# Paint Creek Lake for saugeye



## CptOrdnance (Jun 5, 2009)

My buddy and I went to the dam and tail waters of Paint Creek Lake yesterday. It was cold and the wind was blistering and blustering through the dam canyon. We fished jigs, mostly chartreuse but switched to green and yellow. A couple other guys form our hometown, Washington C.H., came in for about an hour. Other than a few fellows from the state fixing the outhouse sewer, we were all alone. We left alone also because there were no fish to be had..... except for the notorious Paint Creek Sturgeon. 

I lost four terminal rigs and my Buddy lost a similar number to these giant fish that remain hidden in the depths of the lake and tail waters. I've heard they can weigh up to 75 pounds. My 15 lb. test was no match. When they latch on deep under the murky green water, you stand no chance. My pole would bend and line strain before that familiar "sudden slack line" feeling. The bad part is that you never get to see them......


----------



## wedebrook (Jul 29, 2009)

This has been the story of my year so far at Paint Creek.


----------



## crappie4me (Jan 25, 2009)

ditto.....and as for them monsters down deep you probably never will see them


----------



## slaughtereyez (Jul 13, 2009)

I think their soo old, they've turned to stone!...only way your gunna get a glimpse at em' is to go scubba divin'...and while your down there, you can pluck your jigs from their spines


----------



## Richman (Sep 1, 2007)

CptOrdnance don't feel alone. I was up there yesterday from 8:45 am till 11:45 am without a hit. Not sure whats going on??? The water looked good but I have not had a good day there this year. If it wasn't for the occassional sturgeon I might have been bored......nah.....I was still fishin'

Rich


----------



## wedebrook (Jul 29, 2009)

I'm gonna get the best of those sturgeon, if it's the last thing I do! If Al Gore can get Manbearpig, I think I can take out those sturgeon...


----------



## crappie4me (Jan 25, 2009)

thats the attitude wede..if ya cant get them with a pole take a large knife down with ya...or a jack hammer


----------



## Mushijobah (May 4, 2004)

The funny thing is....there are probably shovelnose sturgeon at paint creek during certain times of the year. Plenty of very large fish with flat heads too..


----------



## rossco (Jan 30, 2008)

Every once in awhile, they'll shut off the water flow and you can walk right out on the backs of those sturgeon and take your jigs right out of their mouths.


----------



## fishdealer04 (Aug 27, 2006)

rossco said:


> Every once in awhile, they'll shut off the water flow and you can walk right out on the backs of those sturgeon and take your jigs right out of their mouths.


LOL

I have only fished there once and had no luck. How is the fishing for saugeye in the actual lake itself?


----------



## rossco (Jan 30, 2008)

fishdealer04 said:


> LOL
> 
> I have only fished there once and had no luck. How is the fishing for saugeye in the actual lake itself?
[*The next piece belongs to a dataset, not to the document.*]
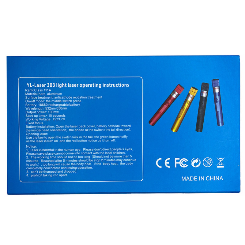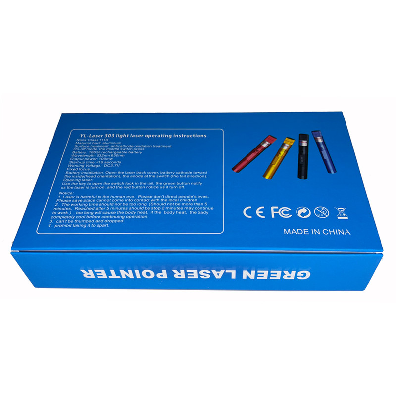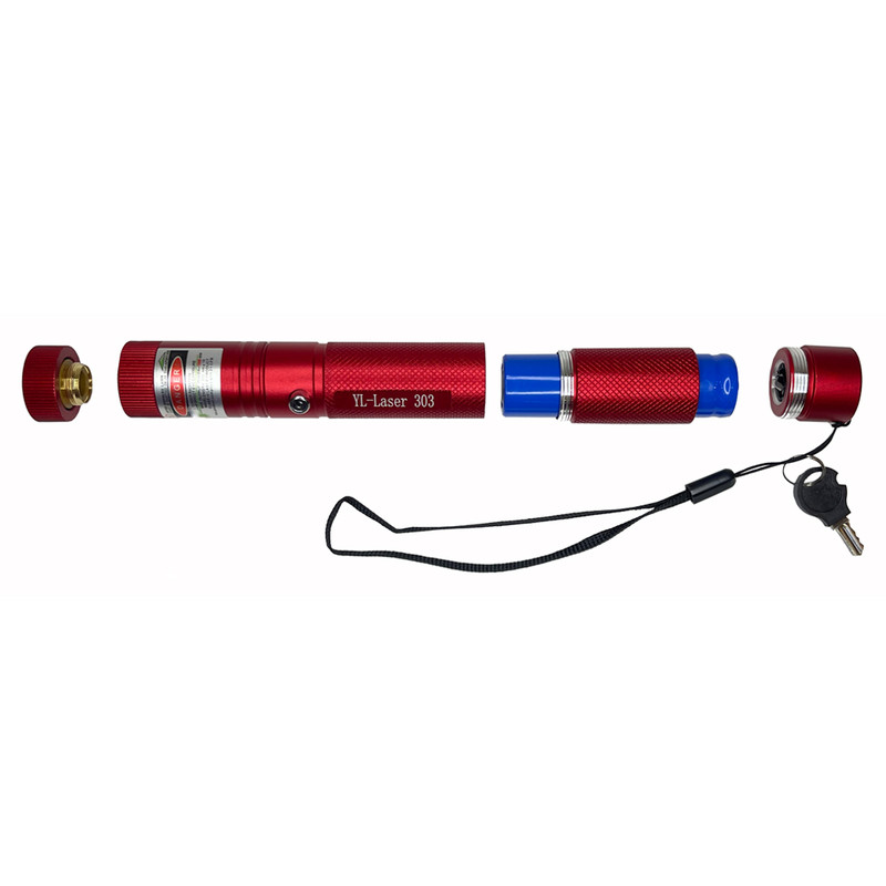 لیزر پوینتر مدل YL-Laser 303 GREEN LASER POINTER با نور سبز ، بدنه تمام فلز از جنس آلیاژ الومینیوم با روکش رنگ کوره ای ، قابلیت تنظیم شعاع نور با برد واقعی 6 کیلومتر ، دارای سَری جدا شونده ی رقص نور ستاره ای با چرخش 360 درجه ، به همراه باتری اورجینال WZS با قدرت بی نظیر 6800mAh میلی آمپر ساعت و شارژر برق شهری و کلید قفل لیزر که در درون جعبه محصول موجود میباشند.

I can't really speak from experience on this. I've caught a few saugeye out of the lake over the years, but it's always been by accident while crappie fishing. I've caught many below the dam and in other places along the creek, but the numbers and size have slowly diminished over the past few years. 

Rocky Fork Lake is getting a good reputation for saugeye fishing in recent years. I've heard of guys trolling for them off of a ledge near one of the beaches with great success. Since it isn't a flood control lake like Paint Creek and Deer Creek, more saugeye stay in the lake.


----------